▶ _Assignment_
Make an exact copy of all the data, pictures excluded.
################
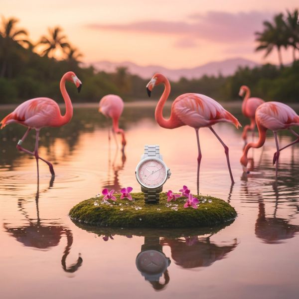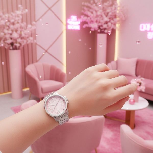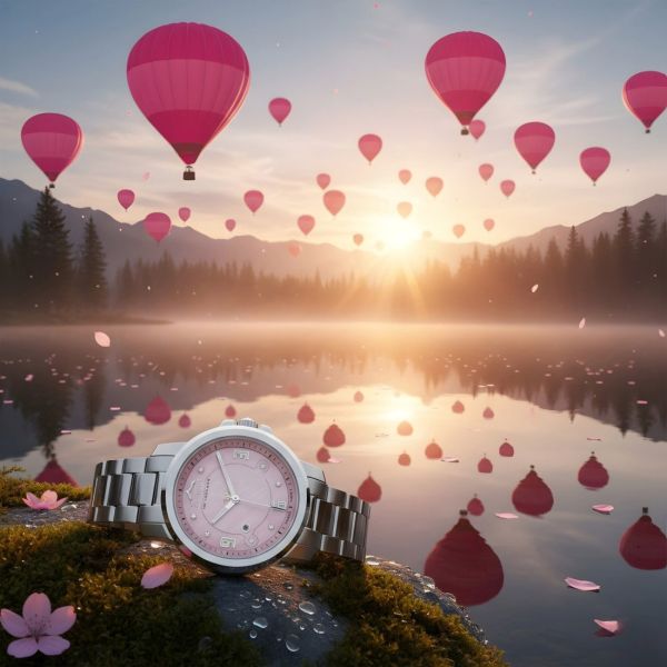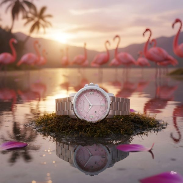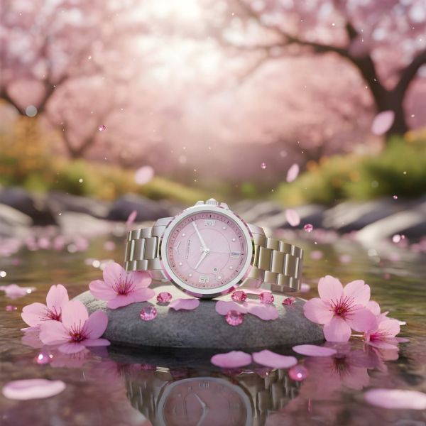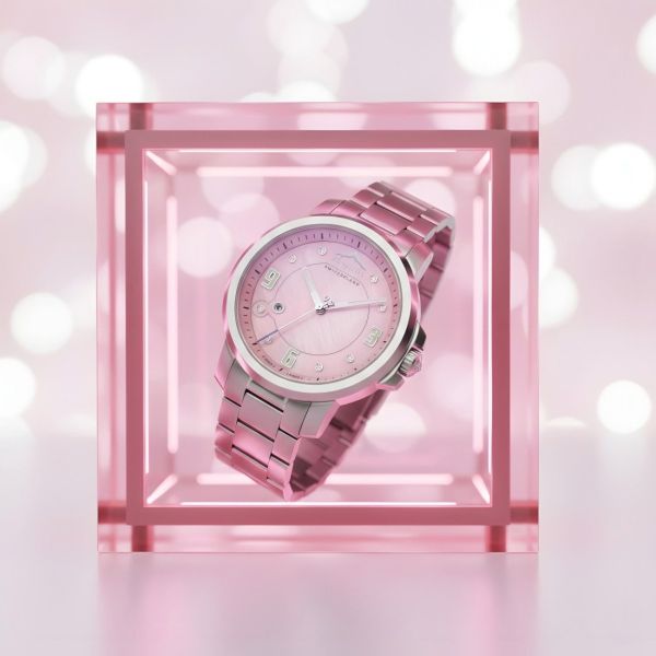 Son cadran en nacre rose reflète des nuances qui changent avec la lumière — comme les émotions, comme la vie.
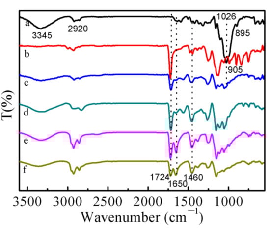 FTIR spectra of original BS (a), BS-GMA (b), BS-GMA-EDA (c), BS-GMA-PEHA (d), BS-GMA-EDA-Q (e), and BS-GMA-PEHA-Q (f).
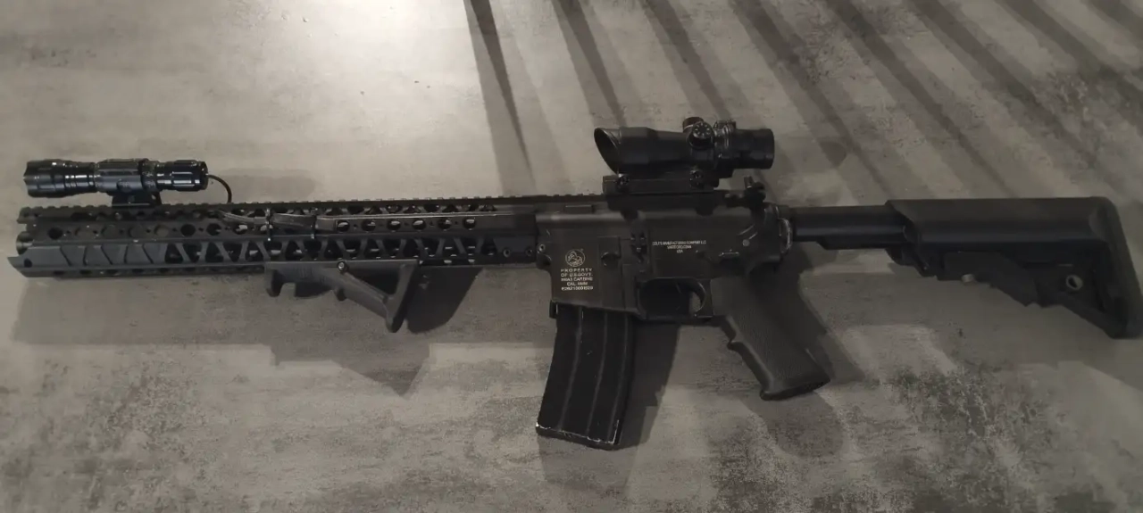 - Externe : red dot tactical OPS / grip / lampe 400 lumens avec bouton déporté
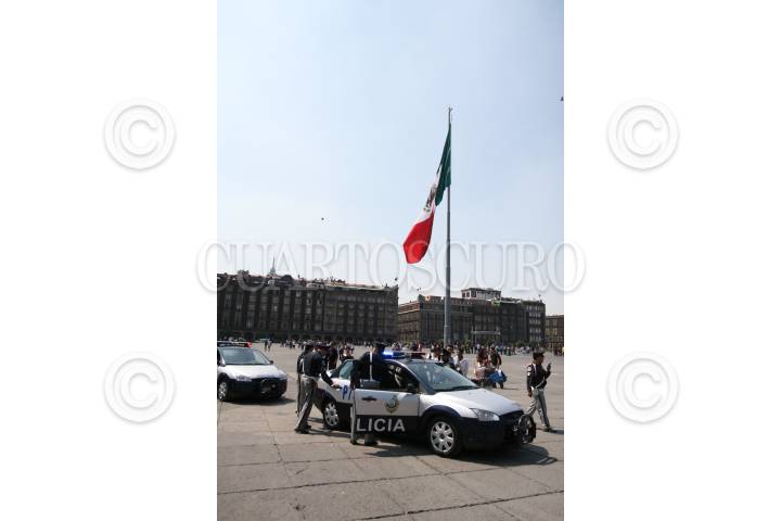 MÉXICO D.F., 16MARZO2009.- Elementos de suguridad pública suben al interior de la plancha del Zócalo, para realizar la detención de un par de vendedores ambulantes. FOTO: GUILLERMO PEREA/CUARTOSCURO.COMMÉXICO D.F., 16MARZO2009.- Elementos de suguridad pública suben al interior de la plancha del Zócalo, la patrulla para realizar la detención de un par de vendedores ambulantes. FOTO: GUILLERMO PEREA/CUARTOSCURO.COM
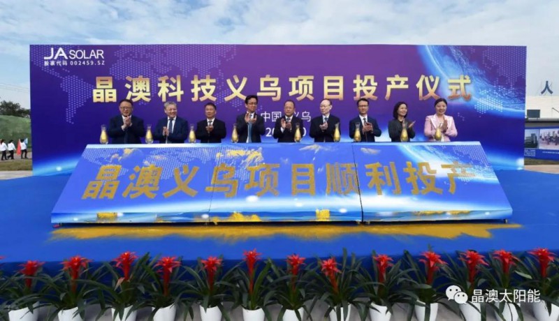 浙江省政府副秘書長董貴波宣布晶澳義烏基地正式投產。投產儀式上,晶澳科技與愛旭股份簽訂全面戰略合作協議。
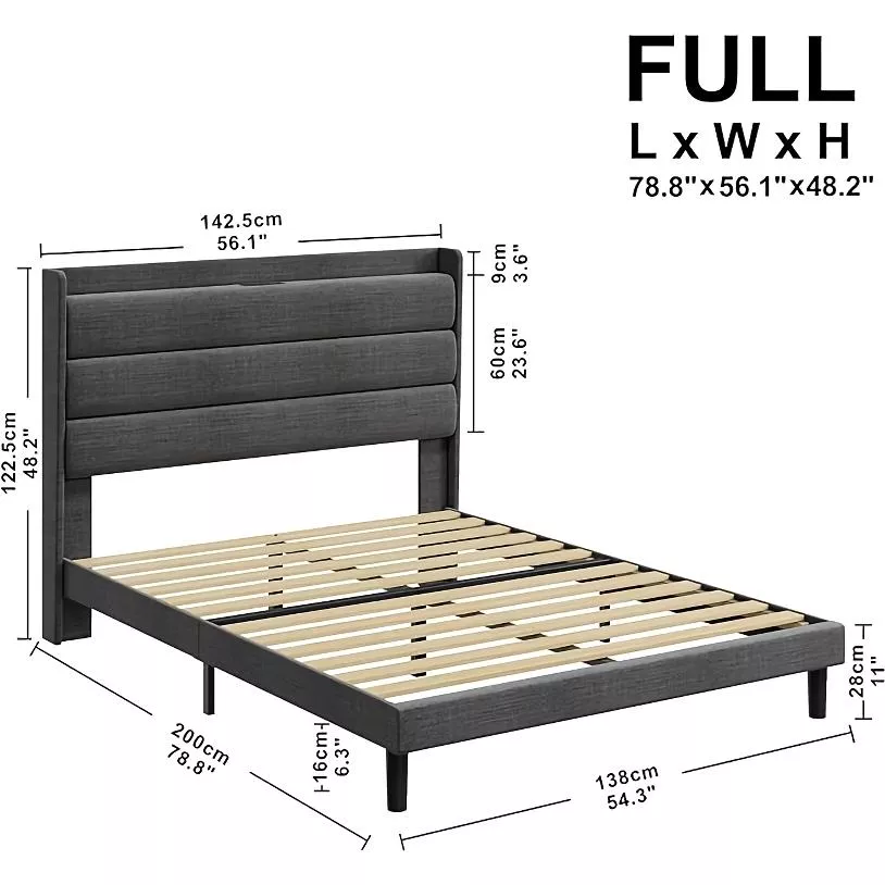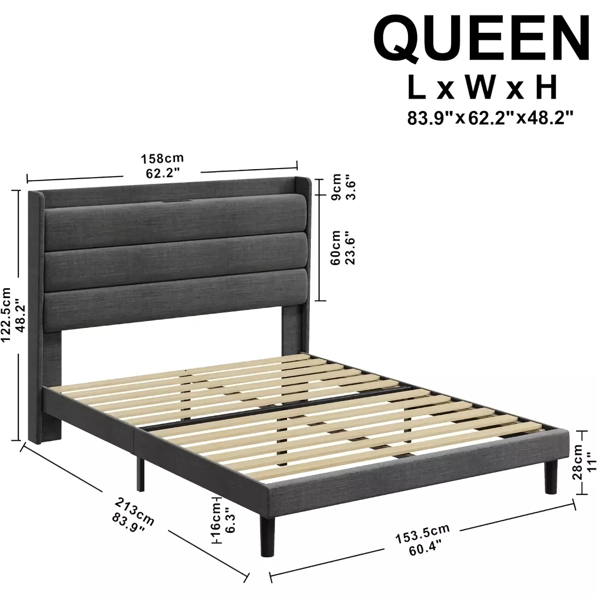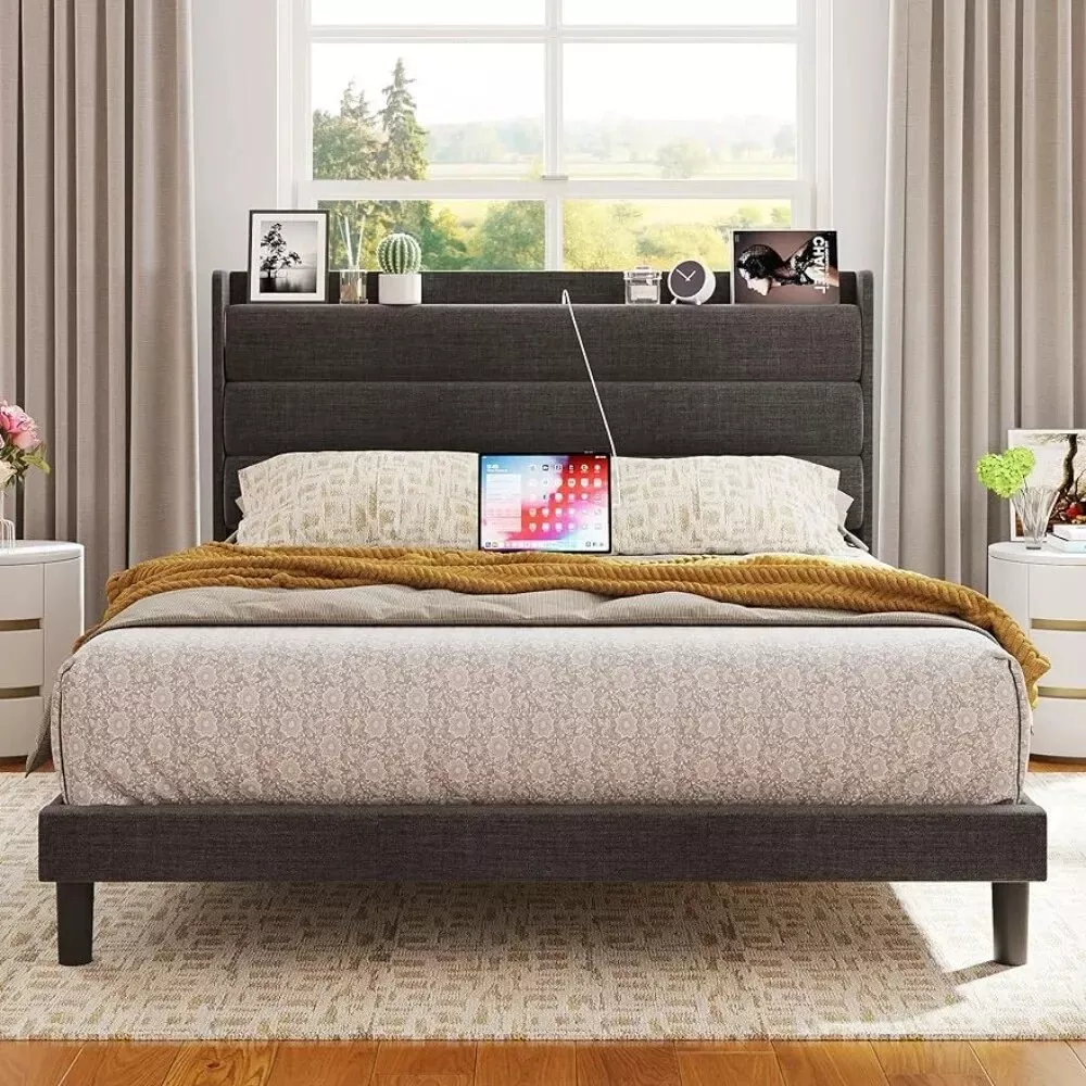 This queen size bed frame is not just a piece of furniture, but a multi-functional haven designed for the modern lifestyle. The built-in outlets in the headboard allow you to conveniently charge devices overnight, making it perfect for today’s tech-savvy individual. The additional storage space is ideal for keeping nighttime essentials at hand, reducing clutter and enhancing your peace of mind.
################
▶ _Response area_
 Son cadran en nacre rose reflète des nuances qui changent avec la lumière — comme les émotions, comme la vie.
 FTIR spectra of original BS (a), BS-GMA (b), BS-GMA-EDA (c), BS-GMA-PEHA (d), BS-GMA-EDA-Q (e), and BS-GMA-PEHA-Q (f).
 - Externe : red dot tactical OPS / grip / lampe 400 lumens avec bouton déporté
 MÉXICO D.F., 16MARZO2009.- Elementos de suguridad pública suben al interior de la plancha del Zócalo, para realizar la detención de un par de vendedores ambulantes. FOTO: GUILLERMO PEREA/CUARTOSCURO.COMMÉXICO D.F., 16MARZO2009.- Elementos de suguridad pública suben al interior de la plancha del Zócalo, la patrulla para realizar la detención de un par de vendedores ambulantes. FOTO: GUILLERMO PEREA/CUARTOSCURO.COM
 浙江省政府副秘書長董貴波宣布晶澳義烏基地正式投產。投產儀式上,晶澳科技與愛旭股份簽訂全面戰略合作協議。
 This queen size bed frame is not just a piece of furniture, but a multi-functional haven designed for the modern lifestyle. The built-in outlets in the headboard allow you to conveniently charge devices overnight, making it perfect for today’s tech-savvy individual. The additional storage space is ideal for keeping nighttime essentials at hand, reducing clutter and enhancing your peace of mind.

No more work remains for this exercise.